News Release

Persistence of High Covid Death Rates in Older Americans


One month into the rollout of the new bivalent booster shots––which protect against the original strain of the virus as well as two Omicron variants––only four percent of Americans have received the updated boosters. President Biden said “the pandemic is over” on national television last month. But epidemiologist Jennifer Nuzzo says that his second comment––“we still have a Covid problem”––didn’t get the same type of airtime. Nuzzo worries that Americans may only have heard the first part of Biden’s comment and are left “not understanding that they still need boosters and could benefit from them.” 
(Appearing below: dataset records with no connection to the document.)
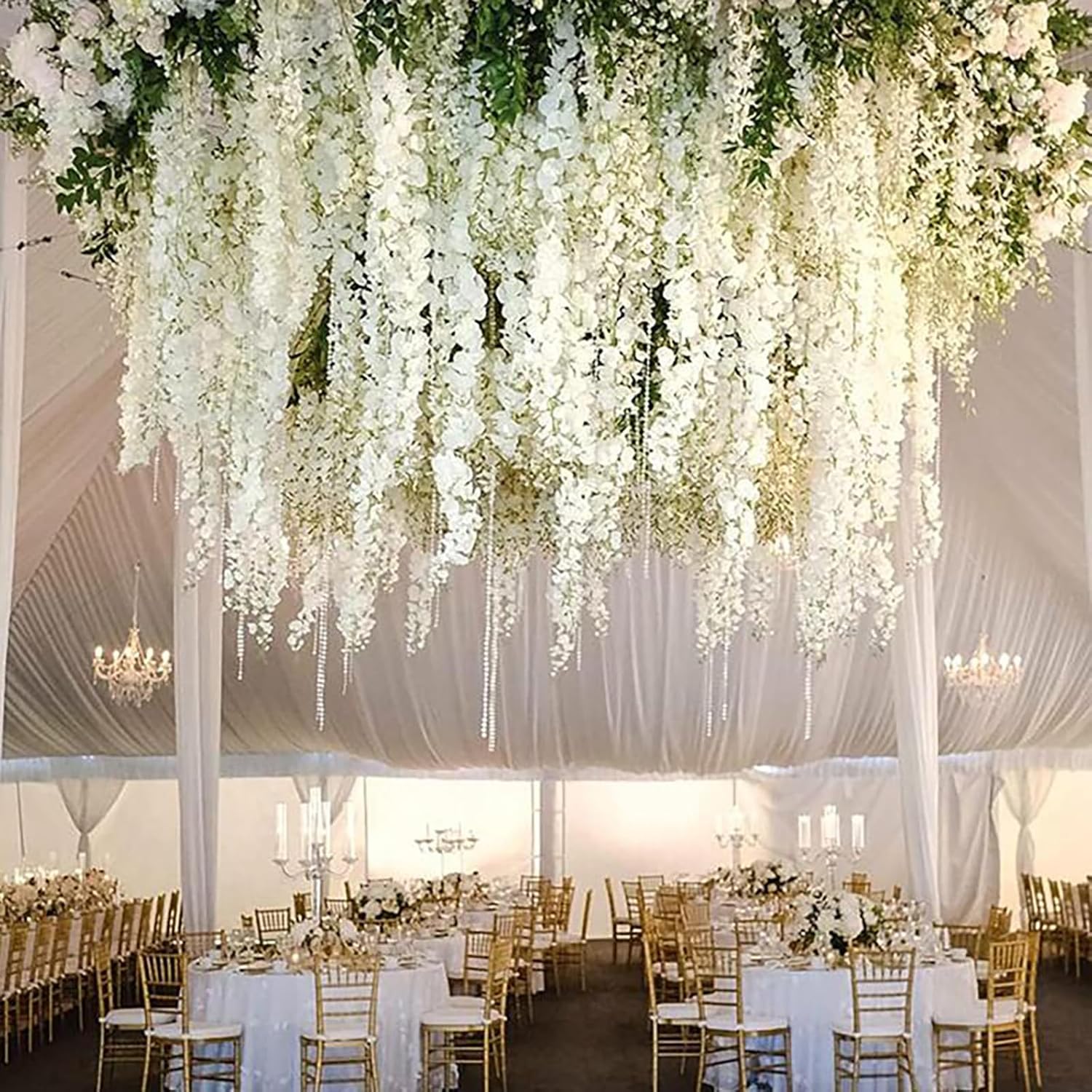 - 【Easy to Install】The white wisteria hanging flowers garland stem is made of durable metal wire and covered with plastic. You can bend the wisteria flower in any shape to satisfy your decoration imagination without damaging it. And the wisteria flower is very easy to install and remove, you can reduce a lot of troubles on installation.
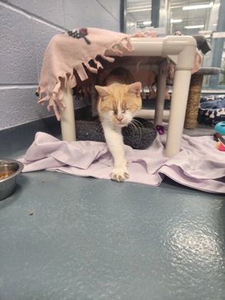 Popcorn is a little golden kernel ready to pop into your life. This orange-and-white boy has an adorably grumpy-looking face that gives him serious character, but don't let it fool you, he's actually a total sweetheart. Popcorn is an affectionate boy who truly enjoys human company. He loves pets, soaks up attention, and brings warm, cozy energy wherever he goes. His slightly stern expression only makes his laid back nature all the cuter, like a tough exterior hiding the softest center.
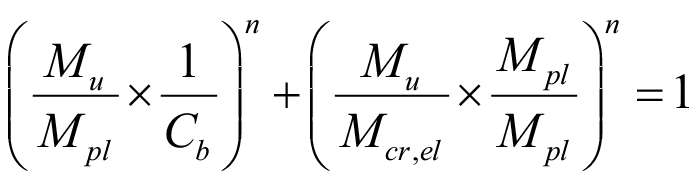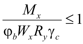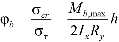 Расчет на устойчивость изгибаемого элемента сплошного сечения при изгибе в плоскости стенки, совпадающей с плоскостью симметрии сечения, согласно СП 16.13330.2017 [4], производят по формуле:

Nuzzo spoke to the Institute for Public Accuracy about how waning immunity and low booster uptake have led to a situation in which Americans over the age of 65 are still quite vulnerable to severe illness and death from Covid-19 infections.

JENNIFER NUZZO;, @JenniferNuzzo
    Nuzzo is a professor of epidemiology and director of the Pandemic Center at Brown University School of Public Health. 
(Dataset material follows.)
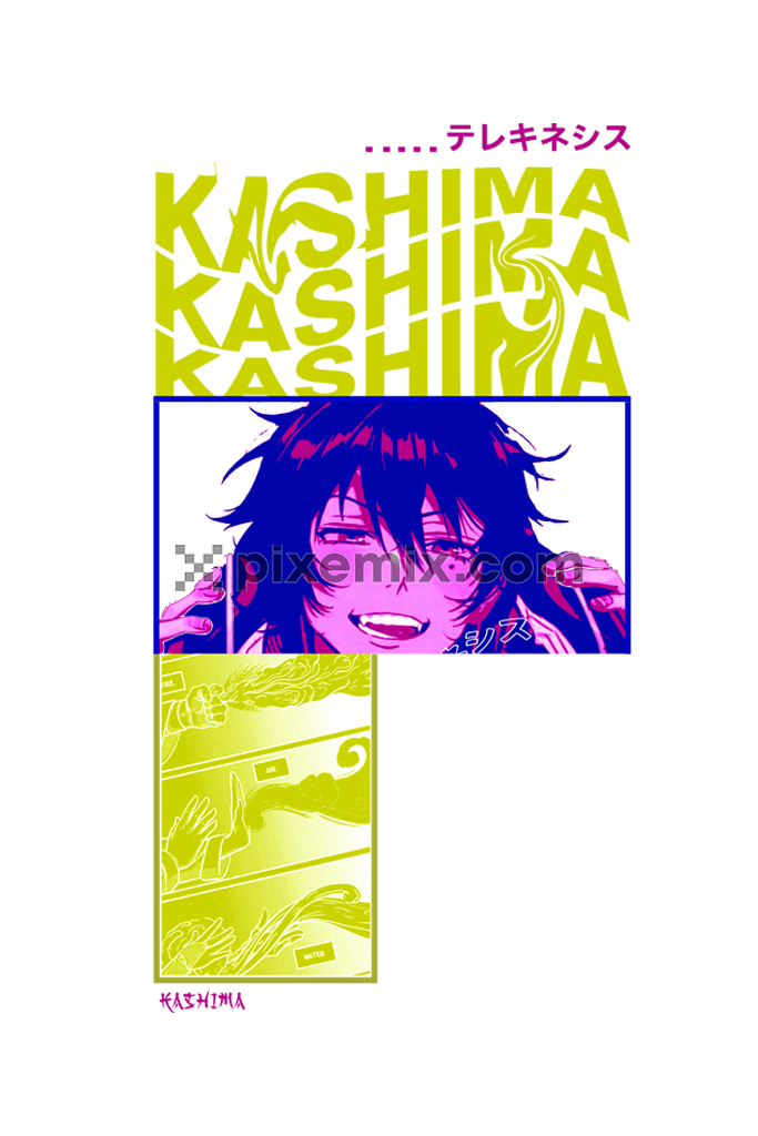 Japanese manga inspried boy and typography product graphics

Although we are still lacking “concrete data on the breakdown” of Americans who have received the newest boosters, we do know some “big themes. We still have upwards of 300 deaths per day,” Nuzzo said, “and when you look at who makes up those statistics, the majority of deaths are in people over the age of 65––and increasingly, over the age of 75. Age has always been the biggest risk factor. But over the course of the pandemic, deaths have increasingly been within that group of people over the age of 75.” That shows us what we need to do, Nuzzo said, “to address these unacceptable high numbers of deaths.” 

She added: “America is under-boosted. When I last looked at the data, 30 percent of people over the age of 65 hadn’t gotten a third dose of the vaccine, and 60 percent hadn’t gotten a fourth dose. By and large, this group is vaccinated––but why aren’t they getting up-to-date boosters? If they’ve received the third but not the fourth shot, it could have been more than a year since their last vaccine. I’m particularly worried about people over the age of 65; we need to get these folks boosted. If nothing else, we need to get people over the age of 65 up to date.” 
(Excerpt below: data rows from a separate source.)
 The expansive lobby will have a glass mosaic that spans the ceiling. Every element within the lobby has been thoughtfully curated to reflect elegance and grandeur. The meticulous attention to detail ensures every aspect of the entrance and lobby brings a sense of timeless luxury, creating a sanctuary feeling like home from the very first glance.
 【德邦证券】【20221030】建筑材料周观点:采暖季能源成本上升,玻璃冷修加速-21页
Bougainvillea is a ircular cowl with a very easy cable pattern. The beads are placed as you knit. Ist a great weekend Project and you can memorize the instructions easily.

Nuzzo said there are several reasons booster uptake may still be low. There may be a shortage of vaccines; “there are spot shortages of the Moderna vaccine, which may be particularly effective because it has a higher concentration of mRNA than the Pfizer vaccine does. Anecdotally, I’ve also heard that some elderly people don’t think it’s needed. I have friends who are lamenting that their parents haven’t gotten boosted. Some elderly folks may also be worried about being alone after getting boosted, if they develop symptoms.” 

Besides boosting, Nuzzo says that we need to increase testing. “Even with the bivalent booster, I suspect people will still get infected,” she said. “But if they’re not feeling well, they need to get tested. That way they can start Paxlovid early, which can keep them out of the hospital. But that needs to be done early on in illness––you can’t wait it out or wave off early cold symptoms. Right now, unfortunately, people coming to the hospital may be getting tested for the very first time.” 

Since the start of 2022, testing has also increasingly been done at home. Nuzzo is concerned that not everyone can afford at-home tests. Further, it’s possible that when an older person is sick, they won’t want to or be able to “drive to CVS and then get tested… and even then, test-to-treat pharmacies,” which can immediately prescribe Paxlovid to those eligible, “aren’t available in every community.” Nuzzo insists that “everyone at risk needs a Paxlovid Plan.” Paxlovid use is lower in the highest age group than it is in younger groups. “We see an under-prescribing of Paxlovid that unfortunately may include people who are at highest risk of severe illness.” 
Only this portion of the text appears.